Soil exchangeable Ca was significantly affected by the systems of cacao management at all depths (Table 7). Exchangeable Mg only was influenced by the systems of management at 0-20cm depth and 40-60cm depth, while the exchangeable K and exchangeable (Al+H) was influenced by the systems of management at all depths. The soil exchangeable K, Ca and Mg were affected significantly by the years of experiment (Table 7). In ITAS after the burn exchangeable Mg increased significantly while Ca and K decreased slightly but not significantly, however, exchangeable (Al+H) decreased significantly (Fig 6). An increase of the concentration of available basic cations after the burn was reported by Alegre et al. [81] in the same region as the experiment. Another reason may be due to the accumulation of ashes rich in oxides and carbonates of basic ions [47, 71, 82]. In both systems, the highest concentrations of exchangeable K and Mg were observed in the surface soil layers (Table 7). This is a reflection of the high SOM presence in surface soil layer. Mineralization and immobilization of soil SOM in the surface soil has high amounts of extractable and exchangeable of N, P, K and micronutrients. Soil Organic Matter combined with other soil chemical, physical and environmental factors, which are important in the stability SOM, provides higher availability of nutrients to plant [67].

Exchangeable Al+H

Soils under the SF system were medium to strongly acidic in reaction (Table 1). In this regard, at all the years of assessment in both systems, there were attributably higher concentrations of exchangeable Al+H in the soil at the pH range between 5.25 and 5.86. At deeper soil depths, the systems of management significantly affected the exchangeable Al+H with ITAS being higher than INAS and the concentrations increased with increasing soil depths (Table 7). The soil under management conditions in accordance with the balance of the ecosystem has better features than one under conventional management [83]. A study carried out by Theodoro et al. [83] found that soils with high organic matter had higher pH and higher availability of Ca, Mg, K, P and Zn and a drop in exchangeable aluminum.

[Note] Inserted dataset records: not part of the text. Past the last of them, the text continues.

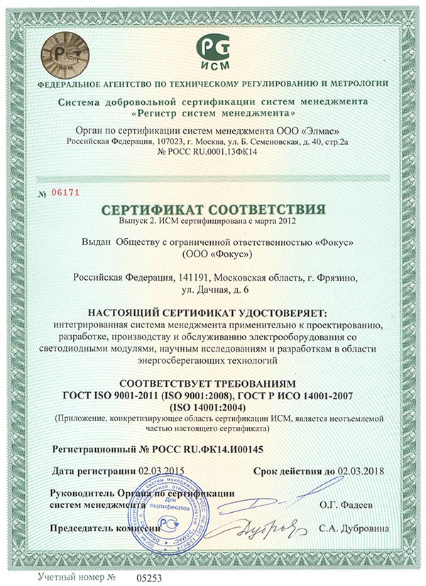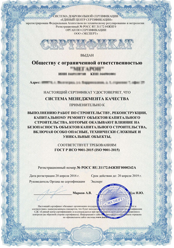 Сертификат ISO9001– это документ, который подтверждает факт проведения оценкименеджмента качествана предприятии по международному стандарту ISO 9001. Есть российский аналог стандарта – ГОСТР ИСО 9001/2015.
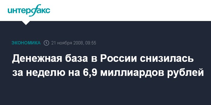 Между тем, на 10 ноября денежная база в России составляла 4416,6 млрд рублей. Таким образом, за неделю она сократилась на 6,9 млрд рублей.
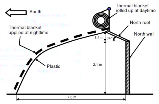 A commercial solar greenhouse located in Elie, Manitoba (49°55′ N, 97°28′ W) was used for validation of the SOGREEN model. The greenhouse has the classic structure of mono-slope CSGs (Figure 5). Three days of measurement data (28 to 30 March 2017) by Ahamed et al. [] were obtained to validate the model. The greenhouse is 28 m in length and 6.7 m in width. The north wall and ridge heights are 2.1 m and 3.5 m, respectively, and 34° is the angle between the north roof and the horizontal plane. The south roof is covered with a 6-mil single-layer polyethylene film, while the cotton thermal blanket (RSI-1.2) covers the south roof from the outside at night. The north wall is made of wooden stud wall; from outside to inside are corrugated galvanized sheet steel (2 mm), fiberglass insulation (152 mm), plywood (13 mm), sand (152 mm), and corrugated galvanized steel (2 mm). A portion of the north wall interior surface was painted black to absorb solar energy. The north roof is made of corrugated galvanized sheet steel (2 mm), fiberglass insulation (152 mm), plywood (13 mm), and plastic film from inside []. Table 1 lists the thermal properties of the materials for the north wall, sidewall, and north roof obtained from the ASHRAE standards [].

Cationic exchange capacity (CEC).

Cationic exchange capacity (CEC) is a measure of the capacity of the soil to adsorb and release cations [55]. It is also a good indicator of mineral soil fertility, which depends on the texture of soil and on the amount of SOM [84]. Significant differences in soil CEC were attributed to the management systems, years of management at all soil depths (Table 7). CEC values were significantly higher in INAS than in ITAS (Fig 6). This situation agrees with that reported by Sharma et al. [21] who found higher values in an agroforestry system compared to an agri-horticultural system, pastoral system and arable land. In both systems of management at all the soil depths, CEC increased with increasing years. Such increases in CEC could be attributed to the greater accumulation of organic matter in cacao production systems with time that promoted greater biodegradation and mineralization of surface biomass. Generally, the greatest accumulation of organic matter in soil leads to changes in the dynamics of macro and microelements, decreases soil acidity, maintains the predominance of cationic exchange capacity and improves microbial activity [74].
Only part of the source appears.